Oferował seks na Facebooku, wpadł w zasadzkę żony
30-letnia Stephanie Davies od dłuższego czasu podejrzewała, że jej 44-letni mąż Simon Oldham ją zdradza. Nie miała jednak na to żadnych dowodów. Postanowiła więc zorganizować nowatorską prowokację. Zdeterminowana kobieta stworzyła na Facebooku fikcyjny profil seksownej i młodziutkiej blondynki. To, co wydarzyło się później, zniszczyło jej małżeństwo - czytamy w brytyjskim dzienniku "The Daily Mail".
Małżeństwo, mimo że niedawno urodziło im się dziecko, przechodziło poważny kryzys. Żona od lat podejrzewała, że mąż ją regularnie zdradza.

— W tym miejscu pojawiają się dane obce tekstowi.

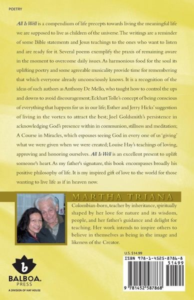 All Is Well is a compendium of life precepts towards living the meaningful life we are supposed to live as children of the universe. The writings are a reminder of some Bible statements and Jesus teachings to the ones who want to listen and are ready for it. Several poems exemplify the praxis of remaining aware in the moment to overcome daily issues. As harmonious food for the soul its uplifting poetry and some agreeable musicality provide time for remembering that which everyone already unconsciously knows. It is a recognition of the ideas of such authors as Anthony De Mello, who taught how to control the ups and downs to avoid discouragement; Eckhart Tolle's concept of being conscious of everything that happens for us in our life; Esther and Jerry Hicks' suggestion of living in the vortex to attract the best; Joel Goldsmith's persistence in acknowledging God's presence within in communion, stillness and meditation; A Course in Miracles, which espouses seeing God in every one of us 'giving' what we were given when we were created; Louise Hay's teachings of loving, approving and honoring ourselves. All Is Well is an excellent present to uplift someone's heart. As my father's signature, this book encompasses broadly his positive philosophy of life. It is my inspired gift of love to the world for those wanting to live life as if in heaven now.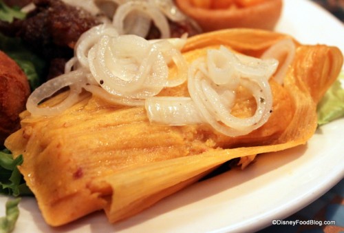The tamale featured a traditional shredded pork filling encased in a moist, cornbread-like outer layer, and was served unwrapped, sitting on a bed of corn husk. All of this was topped with marinated tangy onions that made other appearances throughout the meal.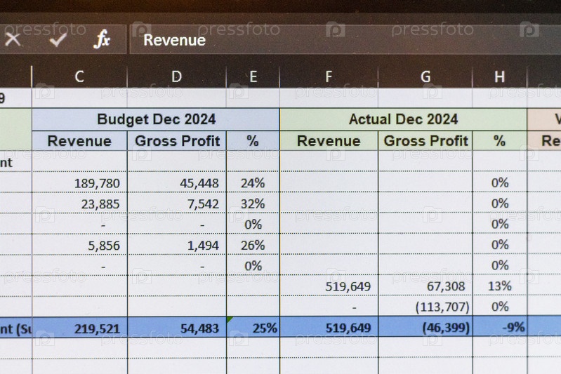 Снимок экрана компьютера, на котором показана таблица Excel с открытым бюджетом компании

Nieuczciwy mężczyzna był ostrożny i nie dał się złapać na gorącym uczynku. Do czasu, gdy jego żona stworzyła na Facebooku fikcyjny profil atrakcyjnej 21-letniej blondynki Laury Willsham. Kolejnym krokiem było zaproszenie męża do znajomości. Mężczyzna od razu dodał do znajomych seksowną 21-latkę i zaczął z nią czatować.
Na początku były to niewinne rozmowy. Z czasem mężczyzna stawał się coraz bardziej napalony, pisał sprośności i nalegał na spotkanie. Nie krył również, jaki miałby być cel spotkania. 44-latek pisał nawet, w jakich pozycjach chciałby uprawiać seks.
Żona amatora mocnych wrażeń wariowała z zazdrości. Gdy już zebrała wystarczające dowody na nieuczciwość męża, rzuciła mu nimi w twarz i zażądała rozwodu. Mężczyzna był w szoku. Nie mógł uwierzyć, że jego - z pozoru naiwna - żona była zdolna do takiej wyrachowanej prowokacji.
Aktualnie Stephanie Davies i Simon Oldham są w trakcie rozwodu. Ona zajmuje się samotnie dzieckiem, on zapewne szuka szczęścia... w internecie.